NOTE: Yes, the beloved Quatrelle has gone to her reward. The new Kia is comfortable and more luxuriously equipped (air conditioning!), yet I’ll miss the old Quatrelle. She kept me young, somehow, probably because no sensible grownup person would ever go near her.

12 April 2009

Holidays Around the World

Some lucky child has pâqued her Oyster Basket to the brim!

Most cultures celebrate springtime renewal with a religious holiday or festival. Some of these celebrations are more obscure than others.

For example, in many countries it’s said that, each year at this time, the Oyster Bunny rises out of the sea, distributing gifts to all the unshellfish little boys and girls.

A French woman in a typical Oyster Bonnet

Of course, other cultures observe dietary restrictions that don’t permit the eating of shellfish. This is the reason behind an even earlier tradition, in which the men and women of the community line up, facing each other, and then begin to throw fresh fish in the air. This holiday is known as Bass Over.

11 April 2009

What Quiz Are You?


Take this quick and easy quiz to find out!

1) The highest level of education you have completed is

a. High school
b. College
c. Graduate school
d. Vocational/technical or obedience school
e. Facebook

2) Your favorite color is
a. Red
b. Blue
c. Yellow
d. Mauve
e. Facebook

3) Friends and co-workers are apt to describe you as
a. Highly motivated and hardworking
b. The life of the party
c. Intuitive and caring
d. Armed and dangerous
e. Obsessed with pop culture and trivia

4) In your spare time, you enjoy
a. Watching television
b. Gardening
c. Team sports
d. Sudoku and other forms of masturbation
e. Endless hours on the Internet.

5) When anything of even minimal significance occurs in your life, you immediately
a. Twitter
b. Twitter, but using Twitter, and not just making twittering noises
c. Otherwise notify hundreds of “friends,” whether they care or not
d. Add an inscription to your mausoleum in Illinois
e. Take another quiz

ANSWERS

If you answered mostly “a,” you are What Stooge Are You?
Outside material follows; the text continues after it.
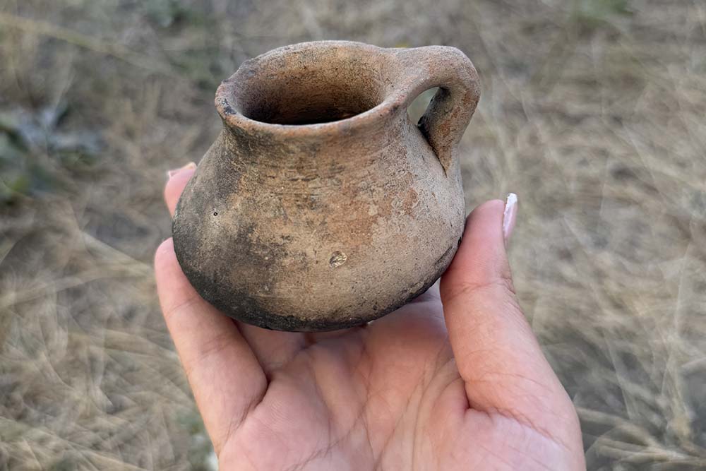 ؘ– В этом году наши студенты приехали сюда 28 июля, и именно здесь, в поле, отпразднуют 15 августа День археолога. Древнейшие следы жизни людей на этом месте, по имеющимся сведениям, относятся к концу эпохи бронзы – началу раннего железного века (рубеж II – I тыс. до н.э.). В античную эпоху поселение переживает свой расцвет и превращается в небольшой город, жители которого, по-видимому, занимались сельским хозяйством и посреднической торговлей с окружающим варварским населением. Статус этого поселения и его название ещё окончательно не выяснены, однако исследователями выявлены элементы, которые можно трактовать, как части городской застройки: фрагменты фортификационных сооружений, многочисленные участки стен домов VI–IV вв. до н.э., хозяйственные ямы, колодцы, склады амфор, – рассказала Елена Александровна.

Your time is valuable to you, so you take only quizzes with very few potential results. In extreme cases, you may even be the quiz Are You Joe Besser?, a one-question quiz with only two possible answers.

If you answered mostly “b,” you are What Element on the Periodic Table Are You?
Highly analytic, you reduce any problem or situation to its essence. Also, you are probably interested in science, since most of the rest of us don’t even know the difference between one element and another.
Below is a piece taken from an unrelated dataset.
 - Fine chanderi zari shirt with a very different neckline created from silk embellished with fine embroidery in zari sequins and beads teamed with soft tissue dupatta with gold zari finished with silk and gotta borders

If you answered mostly “c,” you are Patsy Cline.
No, really, you are. Though many people believe you are dead, you continue to sing a number of toe-tapping, heart-tugging pop–country hits in a mellow, plangent contralto. I realize that this result is not, strictly speaking, a quiz, but please bear in mind that, in all likelihood, you are “Crazy.”

If you answered mostly “d,” you are What Character from 17th-Century French Literature Are You?
While waiting to find out whether you got tenure, you drink heavily, engage in vicious arguments with your spouse, and sleep with graduate students of all sexes. In your heart, you are secretly afraid of Virginia Woolf. You wear mostly black, and you smoke clove cigarettes.

If you answered mostly “e,” you are What New Jersey Town With Population Under 5,000 Are You?
And I cannot begin to tell you how sorry I am.

If you took this quiz in the first place, you are What Quiz Are You?
That’s right, you are this very quiz! Burdened with entirely too much spare time and abundant but unfocused curiosity about yourself, you’ll take any quiz you see! Pat yourself on the back! And then compare your answers with those of your friends!

09 April 2009

Bush Endorses Obama Weapons Proposal

DALLAS, TX -- Former U.S. President George W. Bush today made the surprise announcement that he fully endorses President Barack Obama’s proposal to eliminate nuclear weapons, “so long as America's precious nucular weapon stockpiles are maintained and kept at the ready to protect the American people from evil.”

Admitting that he’d only heard about President Obama’s proposal via television reports, the former President continued, “What are ‘new, clear arms,’ anyhow? Some kind of Plexiglas stick that you bop people with, or something? I don't see what good that would do anybody. Let's illuminate ’em – just get rid of ’em.”